Project: Neuroendocrine Tumors
Neuroendocrine tumors (NETs) arise from endocrine (hormone-producing) tissues. The unique phenotype of different NETs leads to new challenges in diagnosis and treatment.
The phenotype of specific NETs depends on their cellular origin, but often they are slow growing which means they are difficult to localize with established imaging methods such as 18F-FDG PET. A variety of NETs express Somatostatin receptors (SSTRs), and thus radiopharamceuticals targeting SSTRs such as 68Ga-DOTATATE are now established imaging markers. DOTATATE peptide bearing a radioactive “payload” (e.g. 177Lu) can even be used as effective treatment by selectively targeting the NETs after administration.
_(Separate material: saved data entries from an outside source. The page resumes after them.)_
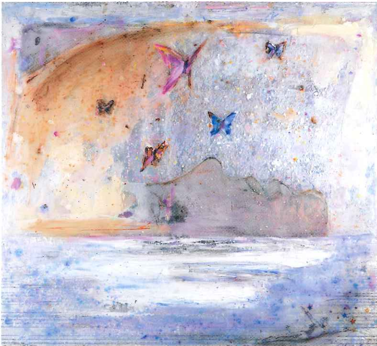
Sweet Dreams, 2012, oil on transparencies and metal, 102x 122 cm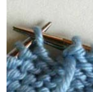
Step 2: Bring the working yarn to the back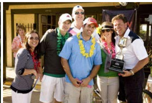
Golfers having fun out on the course.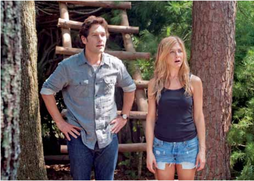
The guests don't know what to make of what they're seeing.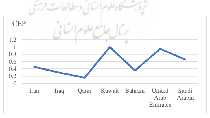
Figure 3. The EC performance of the Persian Gulf countries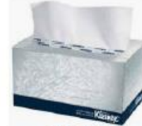
Box of Kleenex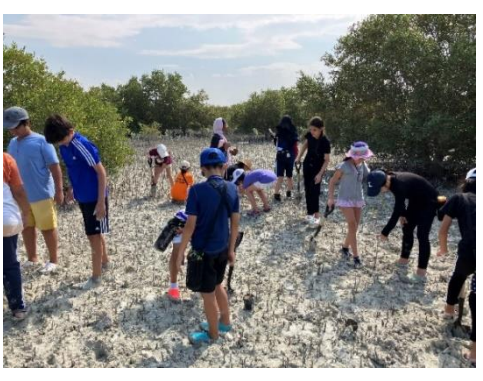
The students planted mangrove

The UAE aims to plant 100 million mangrove trees by 2030, and this Program aimed to contribute to that goal and raise awareness about the importance of mangroves among the students. The Foundation will continue to promote projects that contribute to environmental protection in the UAE and facilitate environmental exchange between the UAE and Japan.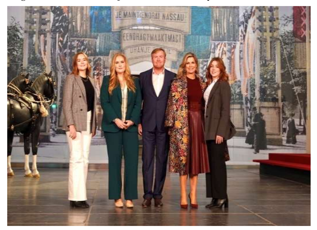
Source: Royal House of The Netherlands Official Photographs: ( King Willem-Alexander and his family - 2022 . Image: ©RVD. Available from: https://www.royal-house.nl/binaries/content/gallery/royalhouse/content-afbeeldingen/portretfoto-s/photo-sessions/2022/de-nieuwe-kerk/kingwillem-alexander-queen-maxima-the-princess-of-orange-princess-alexia-and-princess-ariane.jpeg?download) "Used With Permission"

Figure 3.2 Portrait of His Royal Majesty The King of the Kingdom of The Netherlands King Willem-Alexander & Queen Maxima & family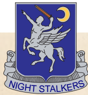
160th SOAR DUI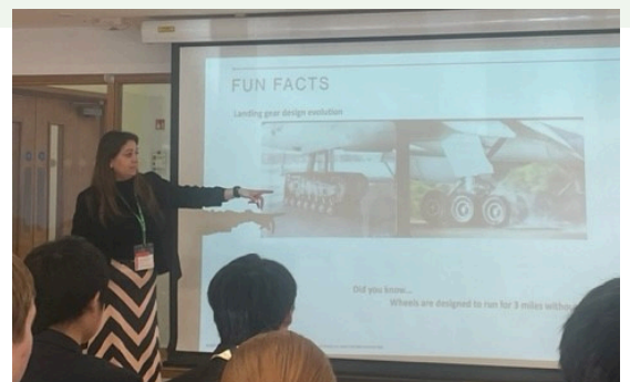
AEROSPACE APPRENTICESHIP OPPORTUNITIES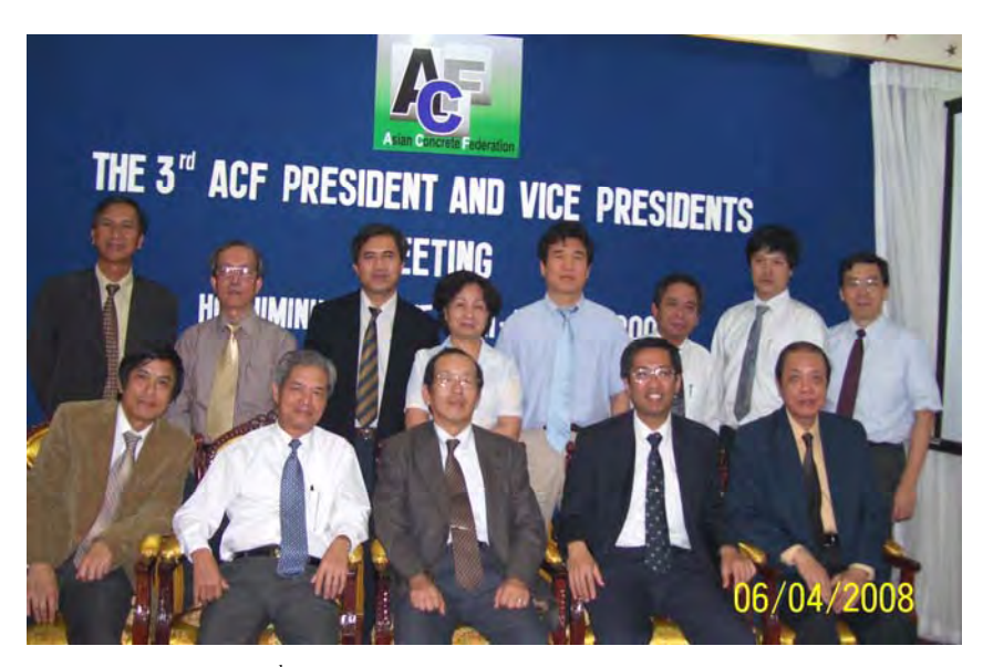
The 3<sup>rd</sup> ACF President and Vice-Presidents Meeting

Attendees also agreed to have a brief inspection tour to check the conference rooms in the Rex Hotel prior to the discussion.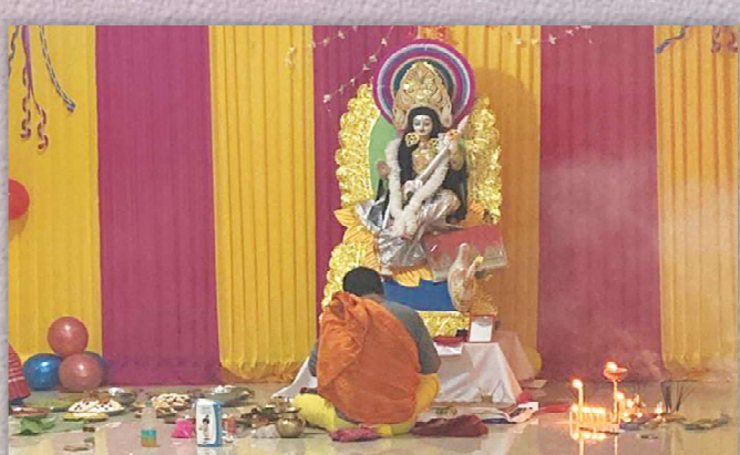
Celebration of 'Saraswati Puja'

Teaching the Children of 'Hosanna Orphan Home' by the NSS volunteers of HGC 'Relief distribution to the landslide affected people' by NSS & HGCSA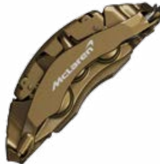
MSO Defined Bronze with Machined McLaren logo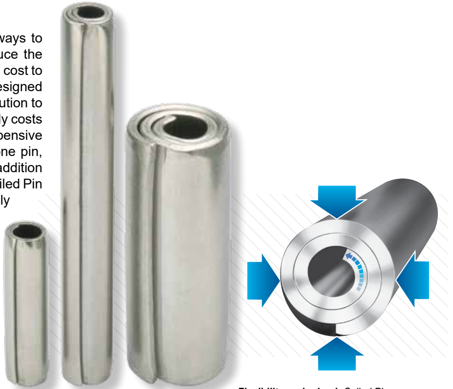
Flexibility under load: Coiled Pins continue to flex after insertion when a load is applied to the pin.

In comparison to solid pins, when Coiled Pins are used there is no permanent damage to the host part during assembly. Pins having external knurls or grooves will always, by design, cut into the mating part. Even hardened ground dowel pins, when driven into a precisely reamed hole, will damage the hole when removed. It is no accident that a standard series of oversize dowel pins is available. This method of assembly results in the inability to rework a part either in the factory or in the field. With a Coiled Pin, it is simply a matter of driving the pin out, the host part is like new.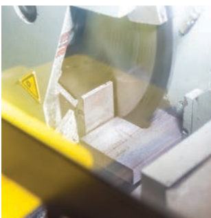
Ultra thin carbide blades minimize kerf loss and material waste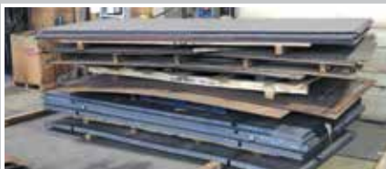
View of Partial Stock Inventory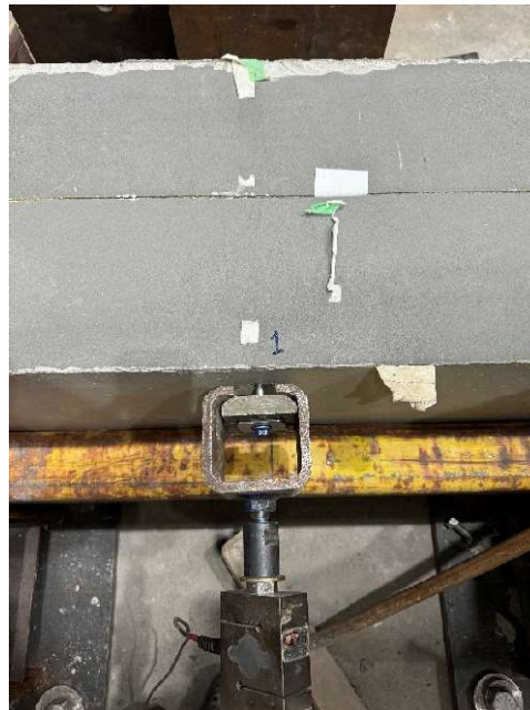
Figure 4 Test Setup for Anchors in Concrete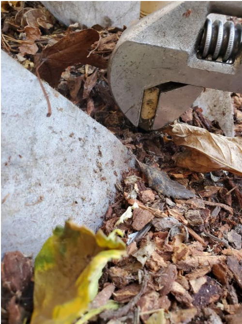
Gas shutoff valves can be closed with a wrench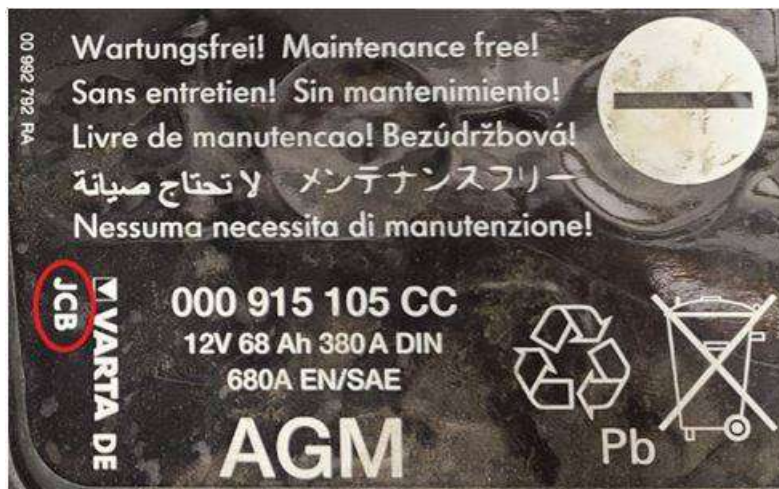
Figure 2: Example of the manufacturer/vendor code on the battery label.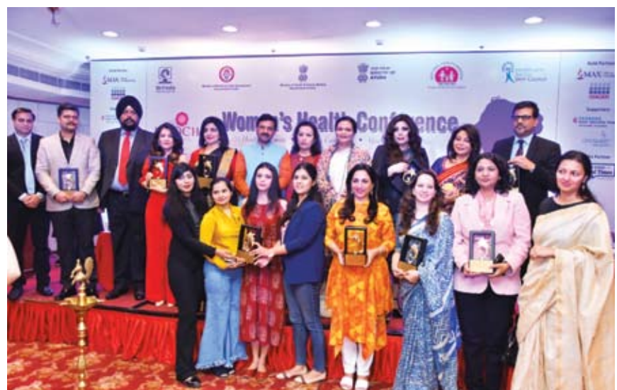
Awards Winners at ASSOCHAM Women's Health Conference 2019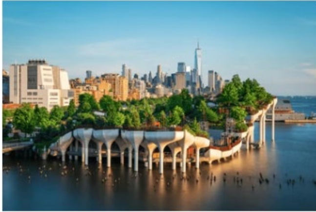
Hudson River Park / Little Island

NEIGHBORHOOD HIGHLIGHTS ATTRACTING MILLIONS OF LOCALS AND TOURISTS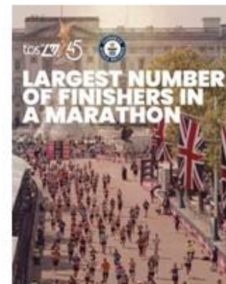
Pictured: The TCS London Marathon has broken the Guinness World Records title.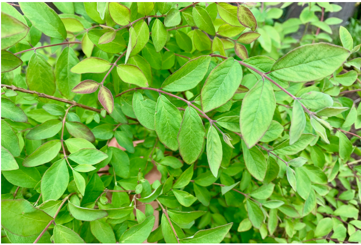
Figure 10. Coralberry leaves and dense shrubby growth form may be confused with bush honeysuckle.

However, NETs that do not express SSTRs are still invisible even for modern nuclear medicine. The molecular phenotypes of these subsets of NETs are slowly being unraveled, and its has been shown that almost all NETs express one of SSTRs, GLP1R or GIPR. We are therefore committed to developing radiopharmaceuticals for these molecular targets to assist in NET diagnosis, management and possibly even treatment of in the future. The GLP1R agonist 68Ga-Exendin4 is currently employed in both preclinical and clinical evaluation.